What a topsy turvy week it's been. Perfect couple Beyonce and Jay Z are now models of dysfunction. The flagship indoctrination station of the left wing liberal media fires its first female executive editor. Cats are attacking dogs. And now, the US Military takes the lead on an important issue of women's rights. Is this real life?
According to the Air Force Times, a pilot (heh) program will allow airmen (a gender neutral term) to "separate from the Air Force" for up to three years in order to start their families, and then return to the service once their kid's big enough to not shit itself if left alone for five minutes. The program will launch (again, heh) later this year and will affect a small number of airmen before, hopefully, expanding to the general population of the Air Force.

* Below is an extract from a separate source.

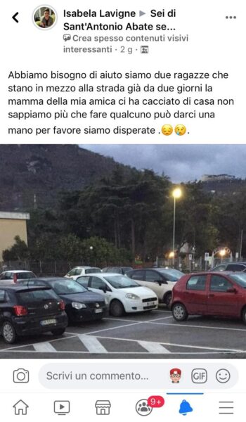 “In un primo momento i Carabinieri non erano riusciti a trovare nessuna soluzione. Allora io per paura e come atto di disperazione ho scritto un post su facebook sul gruppo “sei di Sant’Antonio Abate se..” e lì è partita la rete di solidarietà“.

The program owes its existence to observed necessity, according to the AFT,
"Some women leave the Air Force because they want to start a family," [Air Force personnel chief Lt. Gen. Samuel] Cox said. "So why don't we have a program that allows them, in some cases, to be able separate from the Air Force for a short period of time, get their family started, and then come back in?"

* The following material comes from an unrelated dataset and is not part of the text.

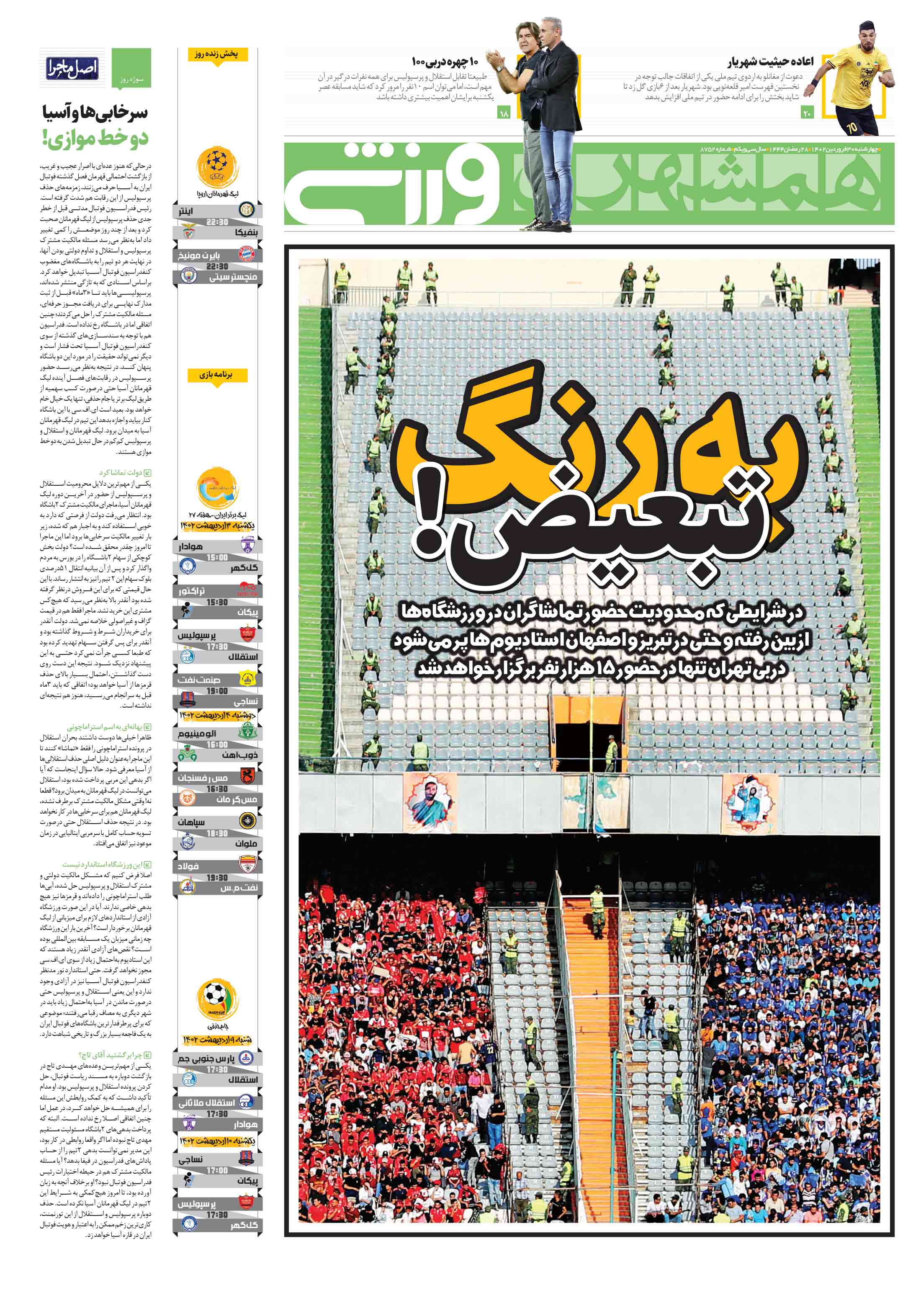 در شرایطی که محدودیت حضور تماشاگران در ورزشگاهها از بین رفته و حتی در تبریز و اصفهان استادیومها پر میشود دربی تهران تنها در حضور 15 هزار نفر برگزار خواهد شد

Cox used the example of a female airman who wanted to start a family to explain how such a program could help airmen, but the program would not only be for women. Air Force spokeswoman Rose Richeson said it would be open to both male and female airmen who want "to meet personal or professional needs outside the service while providing a mechanism for seamless return to active duty."
Individuals who opt to enroll in the one-and-done program wouldn't miss out on three years of advancement opportunities, either; "year groups" would reset once they returned so participants don't miss out on advancement opportunities, in essence putting a bookmark in their careers rather than having to start all over again at page one.
But let's not all run screaming to enlist; at its inception, the Career Intermission Pilot Program will first only cover 20 officers and 20 non-officers pegged by superiors as having "high potential" in the Air Force. However, if all goes well, the program will expand to more airmen.